Двери туалета были обильно разрисованы порнографическими картинками, исписаны пошлой бранью. «Результат сексуальной озабоченности», — подумал Каро и невольно прочитал вслух: «Хочу поцеловать...», «Мое тело нежно, как женская...», «Поцелуй Д. в задницу». Отвернувшись к стене, Каро уставился на выгравированный скорее всего гвоздем грандиозный член, чей двойник, видимо созданный той же рукой, бесцеремонно смотрел с противоположной стены. Заподозрив, что энергичная рука не поленилась нацарапать такой же член и на задней стене, Каро почувствовал себя окруженным и, не ища далее пристанища для глаз, опустил веки. Он уже не пытался сосредоточить мысли вокруг основного, поскольку улавливал, что они только на первый взгляд кажутся такими бессвязными и разбросанными, на самом же деле так или иначе соотносятся с основным. А это основное, конечно же, подводило к вопросу о беременности жены.

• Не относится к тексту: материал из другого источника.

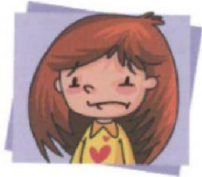
Estela está apenada.
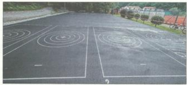
Der sanierte Platz
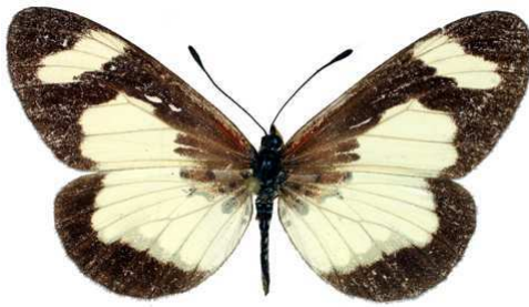
viviana femelle, Leinde Fadali (Nigeria).jpg viviana
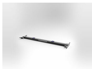
EHB907TR17 Traverse PL, 17 T, longueur 3000 mm
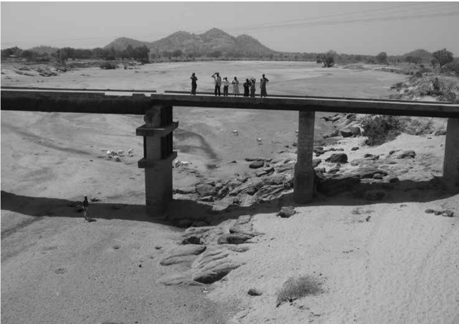
4. kép A száraz évszakban ideiglenesen kiszáradt folyómeder Sokoto államban Photo 4 Temporarily dry river-bed in Sokoto State during the dry season
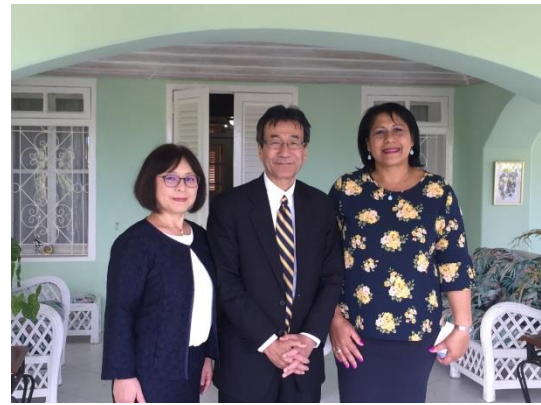
バルデスピノ駐セントビンセント・ キューバ大使兼外交団長表敬
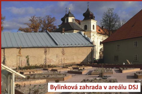
Bylinková zahrada v areálu DSJ
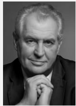
Ing. Miloš Zeman, dr. h. c. prezident, Česká republika
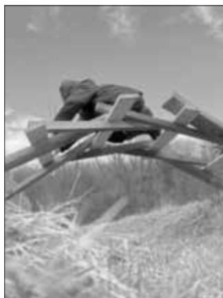
Mit der gemeinsam gebauten Leonardo-Brücke lassen sich Gräben überwinden.
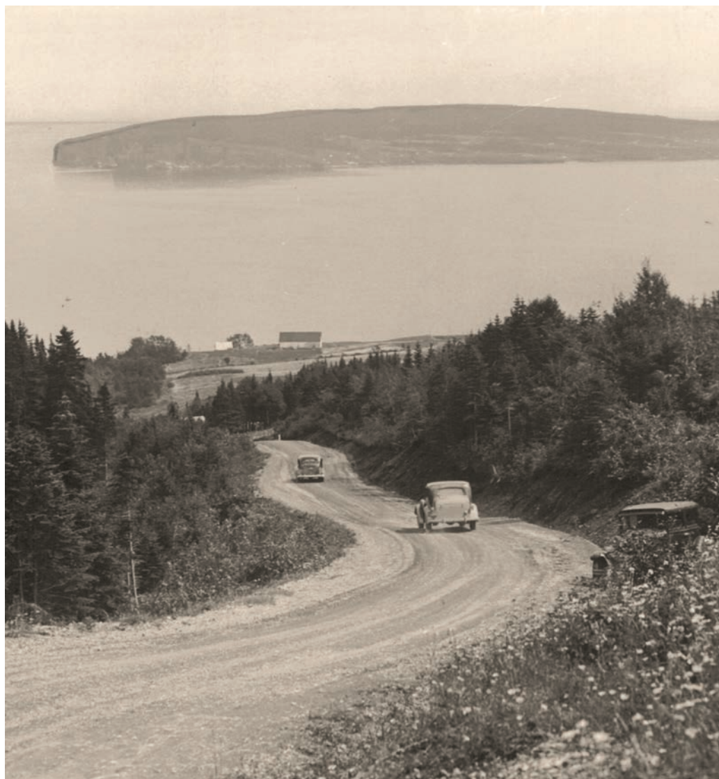
Le Tour de la Gaspésie : toute une aventure en 1930. « The Big Hill at Percé. »

Les membres de l'aristocratie britannique et de la haute bourgeoisie canadienne et américaine sont attirés par les nombreuses et poissonneuses rivières à saumon, par la chasse et par la qualité des bains de mer. À l'époque, on surnomme la Gaspésie The Sportsmen paradise , le paradis du sportif. Ils y séjournent dans des camps de pêche luxueux et dans de somptueuses villas d'été qui voient le jour, à partir de 1850. On en retrouve à Carleton, à New

Перед закрытыми глазами возник отец: качаясь, он вошел во двор, мурлыча какую-то песню. «Твой опять под градусом», — хихикнули приятели. «Я не алкаш, — словно пытался оправдаться отец, — я вообще не могу терпеть спиртное. Тьфу! Но я пью. Пью, чтобы общаться с миром. Иначе тяжело, ох как тяжело!..» А вот и мать. Стоит в дверях с присущей женам пьяниц растерянной, жалкой улыбкой на бледном лице, с усталыми, красными от непрестанного шитья глазами. Возник дед. Ревущая вьюга облепила снегом его посиневшее лицо. Деда окружала раскинувшаяся на тысячи километров тайга — темная, холодная, чужая и безучастная. Снег укрыл деда с головой, оставив торчащей на поверхности складку тулупа цвета хаки и выброшенную вперед обледеневшую руку, словно пытавшуюся оторвать собственное тело от снегов и увести его в дальнюю даль, туда, где лежала теплая, солнечная родина... Затем из тьмы выплыл знакомый школьный двор, в углу которого под стеной съежился мальчуган с опухшими от побоев губами и разорванной курткой. Каро почувствовал непреодолимое желание побеседовать с мальчиком, но тот сам хотел спросить о чем-то, и оба молчали, не смея задать друг другу вопрос, на который все равно бы не последовало ответа... А вот безбоязненно шныряющие по старому дому крысы, чей противный писк заставлял Каро жаться к стене в страхе, как бы отвратительные существа не прыгнули на его кровать и не нырнули под одеяло. Каро вспомнил, как однажды голодная крыса укусила спящую бабушку за палец, но тут всплыло лицо жены: она вышла из тьмы, подняла глаза и сказала с улыбкой: «Ты не переживай. Правда, я уже немолода... И таз узкий... Но я рожу, вот увидишь, преспокойно рожу. А, Каро?» — «Ну почему ты так уверена, что этот безвестный непременно будет хорошим? Почему ты уверена, что он будет нужен тебе, мне, миру или самому себе? С чего ты взяла, что он будет благодарен нам? И как он выживет в этом безумном, запутанном, нелепом мире? Сможет ли? Захочет ли... мой и твой ребенок?» — ответил Каро. А жена продолжала твердить свое, словно не слыша мужа: «Вот увидишь, преспокойно рожу, все будет хорошо. Ты ведь полюбишь его, правда, Каро?»

«Может и правда все будет хорошо?» — подумал Каро и открыл глаза. Первое, на что упал взгляд, был нацарапанный на стене член.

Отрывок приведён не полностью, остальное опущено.